- Location: Takarazuka, Hyōgo, Japan
- Date: 4 June 2020 c. 5:00 am – 10:10 am
- Attack type: Shooting; familicide;
- Weapon: Crossbow
- Deaths: 3
- Injured: 1
- Perpetrator: Hideaki Nozu
- Motive: Resentment against his family; Desire to receive the death penalty;

= Takarazuka familicide =

2020 crime in Japan

On 4 June 2020, 23-year-old Hideaki Nozu murdered three of his family members, along with gravely injuring one more using a crossbow at their home in Takarazuka, Hyōgo, Japan. The incident received international coverage due to its brutal nature, and crossbows were subsequently restricted in Japan as a direct result of the killings. On 31 October 2025, he was sentenced to life imprisonment.

== Events ==
On 4 June 2020 at around 5:00 am, Nozu shot his 75-year-old grandmother Yoshimi in the back of the head, instantly killing her. He then dragged her body upstairs and wiped down the blood to prevent his relatives from finding out. At 6:00 am, he shot his 22-year-old brother Hideyuki in the side of the head while he was in the bathroom, then returned to his room, hoping his brother would die. At 8:30 am, Nozu returned to the bathroom, and, realizing his brother was still alive, shot him again. He then called for his 47-year-old mother Mayumi, and shot her in the side of the head as she came, killing her instantly. At around 9:10 am, his 49-year-old aunt arrived at the house. Nozu shot her in the neck at 10:10 am, at which point she ran outside, screaming for help. Nozu decided against killing her, as she was still wearing a bicycle helmet which would prevent any further shots from being fatal.

Police arrived on scene at around 10:15 am. Nozu was arrested at the scene, declaring to police that he "intended to kill my family".

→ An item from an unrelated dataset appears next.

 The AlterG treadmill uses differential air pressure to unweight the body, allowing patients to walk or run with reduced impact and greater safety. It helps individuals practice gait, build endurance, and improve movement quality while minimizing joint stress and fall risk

All fatal victims were shot in the head at close range, whereas the surviving victim was shot in the neck. Both female victims died instantly, whereas Hideyuki initially survived the attack before eventually succumbing to his wounds. His aunt, who was shot in the neck, reportedly survived her injuries since she was wearing a bicycle helmet at the time of the attack. Police believe five bolts were shot in total from a crossbow just over 50 centimeters in length.

== Perpetrator ==
Hideaki Nozu (野津英滉, Nodzu Hideaki) was a student at a university in Kobe at the time of the murders. His parents divorced around the time his younger brother was born, and he lived with his mother, brother and grandmother. Nozu was diagnosed with Autism Spectrum Disorder when he was in elementary school, possibly inherited from his mother, who was diagnosed with Asperger syndrome and developmental disorders, and reportedly burst into fits of rage. He originally started developing suicidal thoughts in junior high school, but decided against it out of resentment for his mother, who he felt would not care if he committed suicide.

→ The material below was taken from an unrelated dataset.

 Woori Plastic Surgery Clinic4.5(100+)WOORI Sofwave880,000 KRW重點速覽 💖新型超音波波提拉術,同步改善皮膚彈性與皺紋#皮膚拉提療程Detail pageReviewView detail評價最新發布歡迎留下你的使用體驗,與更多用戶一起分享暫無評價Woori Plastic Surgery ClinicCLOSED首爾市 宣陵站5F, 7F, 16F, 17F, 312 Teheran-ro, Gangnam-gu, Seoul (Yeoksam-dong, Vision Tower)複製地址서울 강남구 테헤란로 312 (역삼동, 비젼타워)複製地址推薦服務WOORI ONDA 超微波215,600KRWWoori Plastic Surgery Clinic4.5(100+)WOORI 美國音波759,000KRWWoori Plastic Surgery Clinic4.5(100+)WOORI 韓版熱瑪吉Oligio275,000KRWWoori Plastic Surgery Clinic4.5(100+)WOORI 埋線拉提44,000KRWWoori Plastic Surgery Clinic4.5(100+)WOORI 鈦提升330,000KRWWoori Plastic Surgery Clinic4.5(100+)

He began to plan his attack around 2 or 3 years hitherto, originally deciding to use combat knives, though he later backed out of this plan due to the gory nature of such a stabbing. He then bought two crossbows and 16 bolts, keeping them hidden in his room. In the months before the attack, he stopped attending university classes and locked himself in his room, essentially becoming a hikikomori. His university had recently expelled him due to his constant absence, though he was not informed of it yet.

He had reportedly brought the crossbow before (hidden in a triangular bag) to his aunt's house, and claimed "this will be important from now on," before leaving. It was later revealed he had originally planned on killing her, though he backed out of this plan.

== Legal proceedings ==
In his university classes, Nozu learnt that the murder of three people would often be given the death penalty within the Japanese judicial system, and reportedly hoped that the murder of four people, especially family members, would lead to him being sentenced to death and executed, thus "settling" all the issues he had with his family and end with his own death.

Nozu's trial commenced in September 2025, and had been delayed for three years due to Nozu's mental health issues. His defense argued that he was in a diminished mental state at the time of the attack due to his autism. Although prosecutors sought the death penalty, something that Nozu himself also wished for, on 31 October 2025 he was sentenced to life imprisonment, with Judge Chiwaki Matsuda citing his neurological condition as the key diminishing factor that spared him from capital punishment, along with the fact that the crime was "confined within the family".

== Aftermath ==
The attack brought attention to the relatively unregulated sales of crossbows in Japan, which were available for purchase to anyone over 18 at the time. In March 2022, crossbows became illegal to possess in Japan without a required license, in part due to the events that happened in Takarazuka.